To evaluate the precision and performance of the described framework we propose to implement a prototype for a simulation / fitting pipeline. Starting from a selection of spatial, spectral and temporal models, data are simulated and fitted multiple times to derive distributions and pull-distributions of the reconstructed model parameters. This pipeline should also monitor the required cpu and memory usage. This first prototype can be used to evaluate the optimal bin-size (with the best compromise between performance and precision) for the simulations and to verify the over-all correctness of the simulated data. This will be valid for a set of input maps and IRFs. Later this prototype can be developed further into a full simulation / fitting continuous integration system.
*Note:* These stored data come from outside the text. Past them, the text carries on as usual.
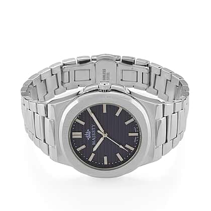 ONE TIME DEAL - Majesty Miyota 2035 Movement 3ATM Water Resistant Navy Blue Hydraulic Dial Watch with Silver Colour Strap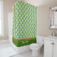This charming shower curtain features a delightful holiday motif that instantly brings the festive spirit to your bathroom decor. Vibrant triangular Christmas trees, adorned with round red ornaments, dance merrily across a soothing pale green backdrop. At the curtain's bottom, a tastefully designed green colour block with a striking red border awaits your personal touch – whether it's embellished with a name, a cherished holiday phrase, or left elegantly blank, this shower curtain adds a touch of seasonal magic to your daily routine. It's the perfect way to infuse your bathroom with the warmth and joy of the holiday season.
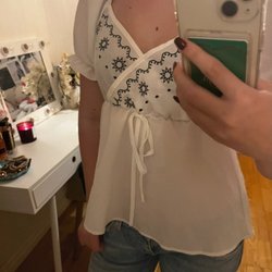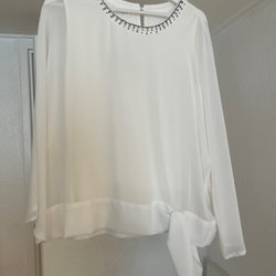 Vit långärmad blus med dekorativa detaljer. Blusen har en applikation av en vit blomma på vänster axel och ett broderat mönster som sträcker sig nedåt. Den högra sidan av blusen har ett draperat tyg med små strasstenar.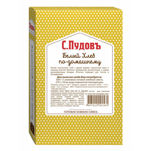 С.Пудовъ Смесь для выпечки хлеба Белый хлеб по-домашнему, 0.5 кг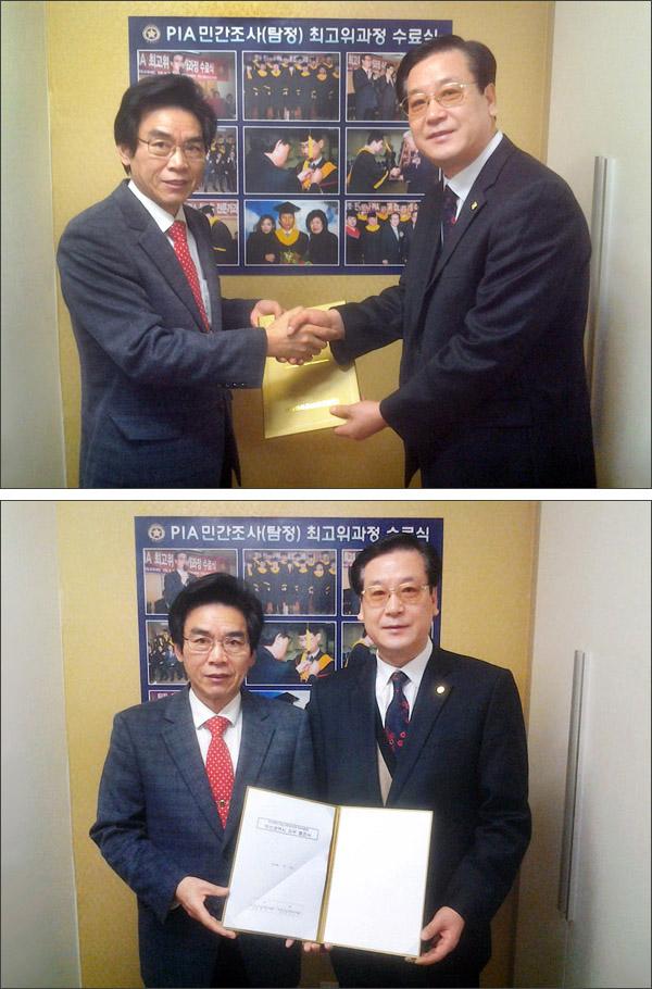 2015년 1월 24일 한국의 민간조사 교육사업 확장의 일환으로 동의대학교와 PIA 최고위과정 산학업무 협약이 본 협회 회의실에서 열렸습니다.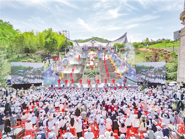 暮春的南宮山,蒼翠浸染。在悠揚(yáng)的《神奇美麗南宮山》旋律中,活動(dòng)正式啟幕,《序章·天門啟道》《天玄·問道山河》《地杰·武韻巴人》《和鳴·萬象共生》四大篇章層層遞進(jìn)。伴隨著激昂的音樂,國(guó)樂表演《刀劍如夢(mèng)》、竹海劍影《笑傲江湖》、巴人武韻《虎鈕錞于》、武術(shù)《天地人和》、舞+武《舞武對(duì)弈》等節(jié)目依次出場(chǎng),活動(dòng)現(xiàn)場(chǎng)鼓點(diǎn)如雷,舞者們騰空而起,剛猛的武術(shù)招式與充滿力量感的戰(zhàn)舞動(dòng)作交織,每一次騰躍,都將現(xiàn)場(chǎng)觀眾的熱血與激情點(diǎn)燃。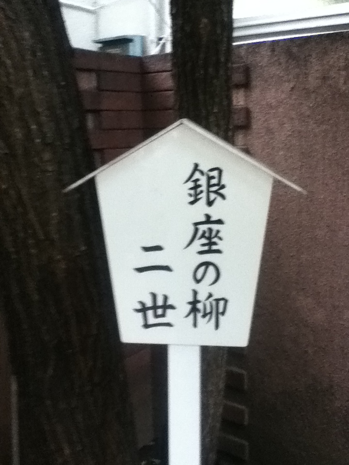 JR有楽町駅の北西、泰明小学校の校舎の入口横にこちらの柳がある。横には、島崎藤村 北村透谷記念碑がある。柳は細い枝だがしっかりとし緑色の葉も元気そうである。銀座の柳は、大正時代車道の拡幅工事に伴い撤去されたが、昭和7年に2世として再び銀座通りと晴海通りに復活した。特に柳の木やこの界隈に関心や知識がある方には、訪問することをお勧めする。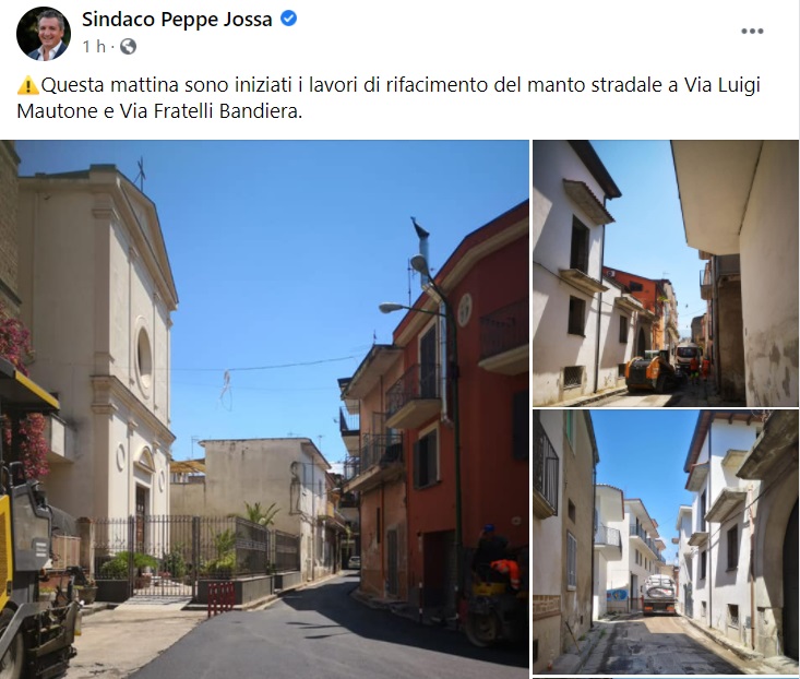 Questo quanto apprendiamo dalla pagina fb del Sindaco Jossa: "Questa mattina sono iniziati i lavori di rifacimento del manto stradale a Via Luigi Mautone e Via Fratelli Bandiera."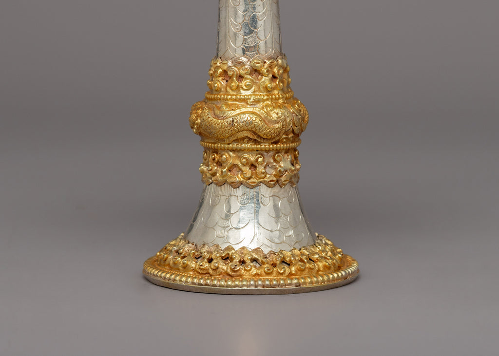This gorgeous Serkyem Set weighs 1.05 kg and is 19 cm in height by 15.5 cm in width. This offering set, which has a copper body and is beautifully silver and gold-plated, is an excellent complement to any Buddhist altar. In Buddhist ceremonies, the Serkyem offers alcohol or nectar to the gods during holy rites, signifying purity, dedication, and reverence for the divine. For those who practice and make offerings, silver and gold plating heightens their spiritual importance by conjuring up images of purity and spiritual richness.

## Alternatives / Outlook#

So far Gammapy only supports binned likelihood analysis and technically most
use- cases for the event sampling could be solved with binned simulations. A
binned simulation can be basically achieved by a call to
`numpy.random.poisson()`

based on the predicted number of counts map. This is
conceptionally simpler as well as computationally more efficient than a sampling
of event lists. In `Gammapy`

a similar dataset simulation is already
implemented in `Dataset.fake()`

, although this has a limited number of use
cases than an event sampler. However, to support the full data access and data
reduction process for simulations, event lists are required. In future Gammapy
possibly also supports event based analysis methods (unbinned likelihood, but
also e.g. clustering algorithms), that also require event lists. For this reason
binned simulations cannot present a full equivalent solution to event sampling.
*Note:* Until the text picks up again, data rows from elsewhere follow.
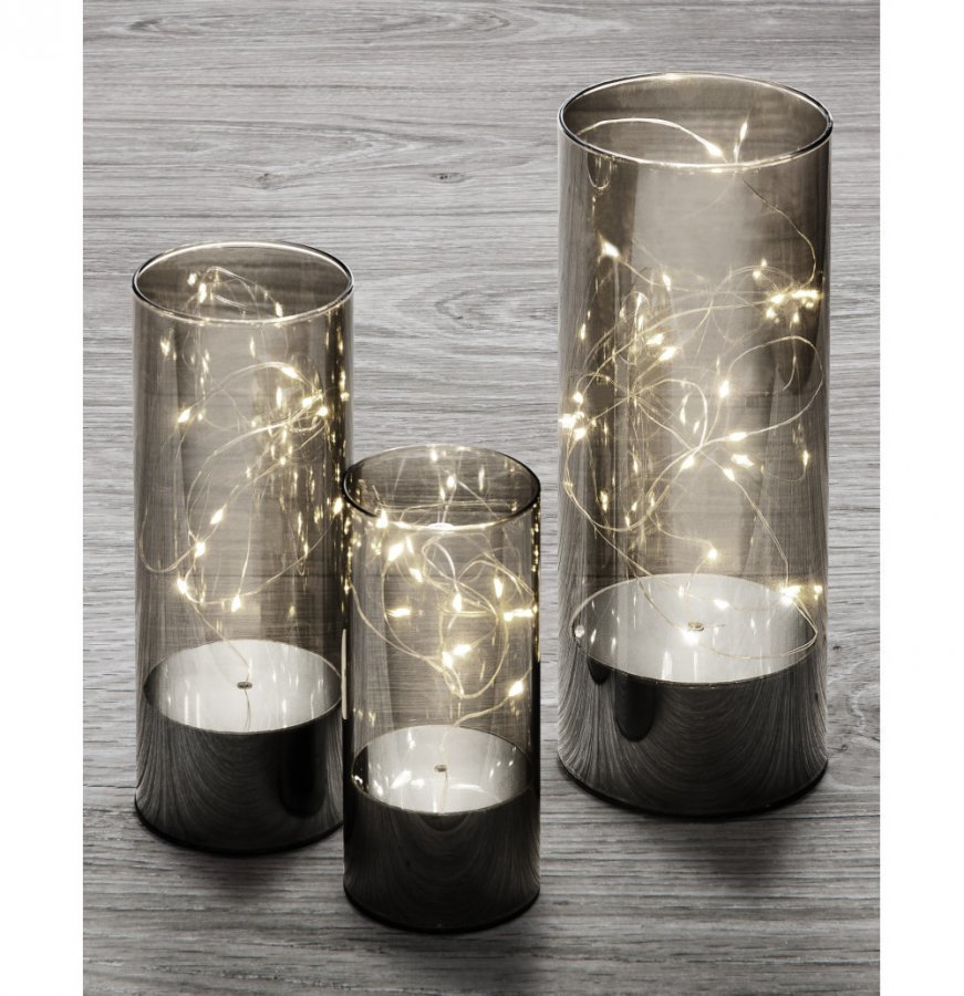 Settiin kuuluu kolme erikokoista lasisylinteriä, joiden sisällä on lämminsävyistä valoa loistava LED-valolanka. Valot toimivat kukin omilla paristoillaan (2 x AAA, 2 x AA, 3 x AA, paristot eivät sisälly pakkaukseen). Voit käyttää valoja sekä on/off-kytkimellä että ajastimella. Ajastinta käytettäessä valo syttyy aina 18 tunnin välein ja palaa 6 tuntia kerrallaan. Valaisimien mitat (Ø x k): 7 x 15 cm, 8 x 20 cm ja 10 x 25 cm.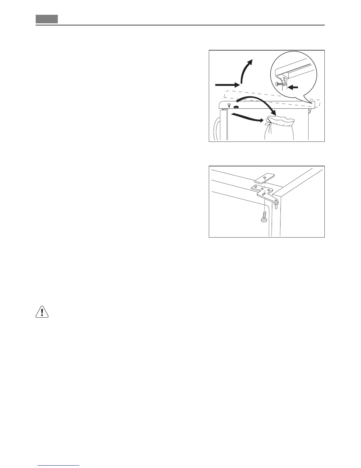 the appliance under the worktop through the upper door hinge. If necessary, equalise the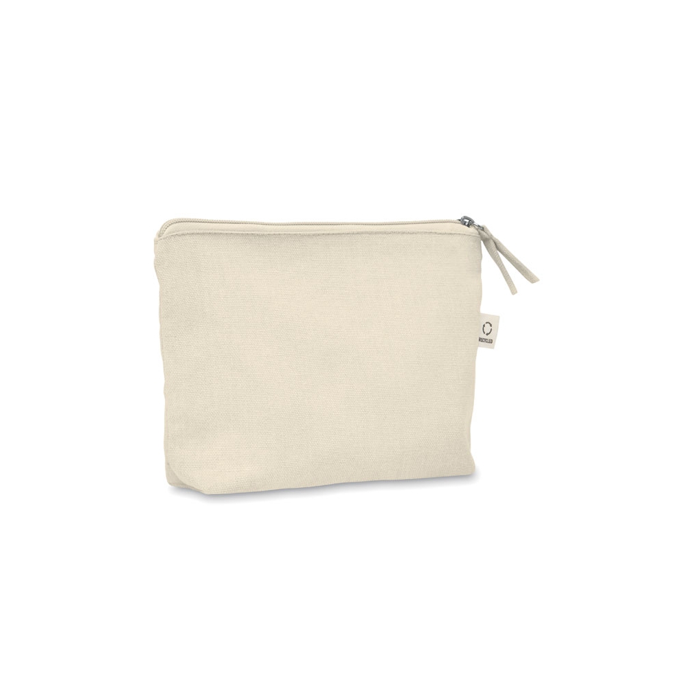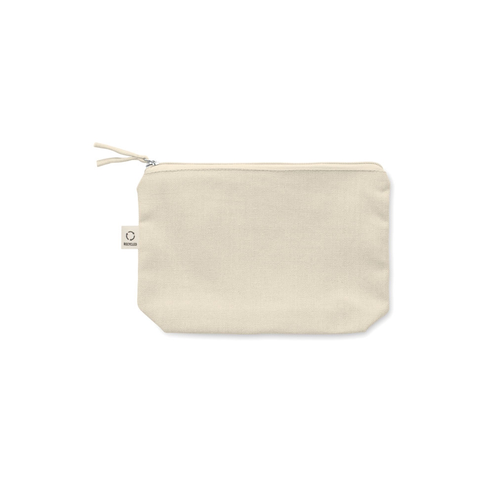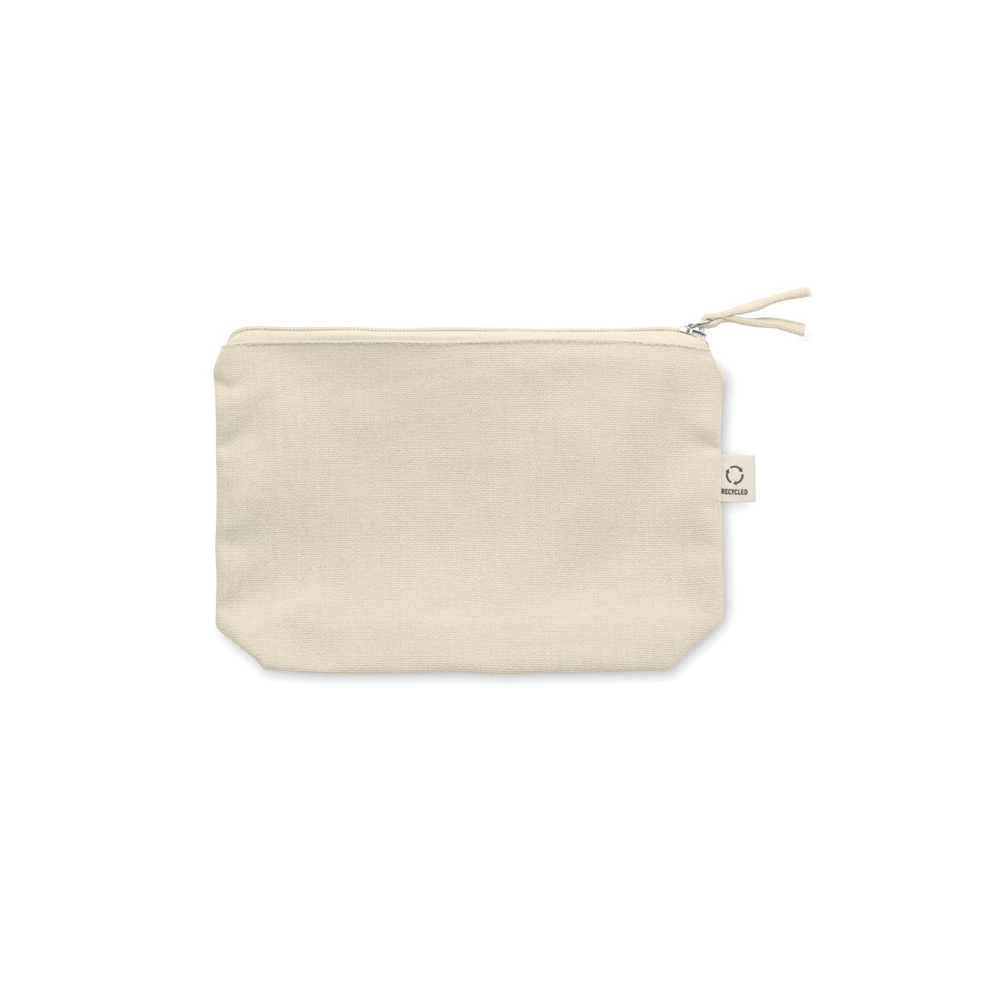 Artikel-Nr: OCBMO2274-13Kosmetik- oder Zubehörtasche aus recyceltem Material (70 % recycelte Baumwolle, 30 % RPET-Polyester) mit farblich passendem Reißverschluss-Puller. 320 g / m². Artikel kann nach dem Bedrucken schrumpfen.

The question of the API to simulate multiple observations from e.g. an
`ObservationTable`

or a list of `GTIs`

as it is needed for simulating data
for the CTA data challenge is not addressed in this PIG. For the scope of this
PIG, the fundamental class `MapDatasetEventSampler`

to simulate events
corresponding to a given observation and/or single GTI is in place.

The proposed Event Sampler will not provide, for each event, the corresponding
`DETX`

and `DETY`

position. These will be added in a future development of
the simulator.

## Task list#

This is a proposal for a list of tasks to implement the proposed changes:

Implement the

`sample`

method in`gammapy.maps.Map`

and add tests.Implement the

`sample`

method in`gammapy.time.models.LightCurveTableModel`

and`gammapy.time.models.PhaseCurveTableModel`

and add tests.Implement the

`sample`

method in`gammapy.cube.PSFMap`

and add tests.Implement the

`sample`

method in`gammapy.cube.EdispMap`

and add tests.Introduce the

`MapDatasetEventSampler`

into`gammapy.cube.`

and add tests.Add tutorials for event simulations of different kinds of sources.

## Decision#

The PIG was discussed extensively in GH 2136, the weekly Gammapy developer calls and coding sprint in person. After the deadline for final review expired on August 20, all remaining comments were addressed and the PIG was accepted on August 30, 2019.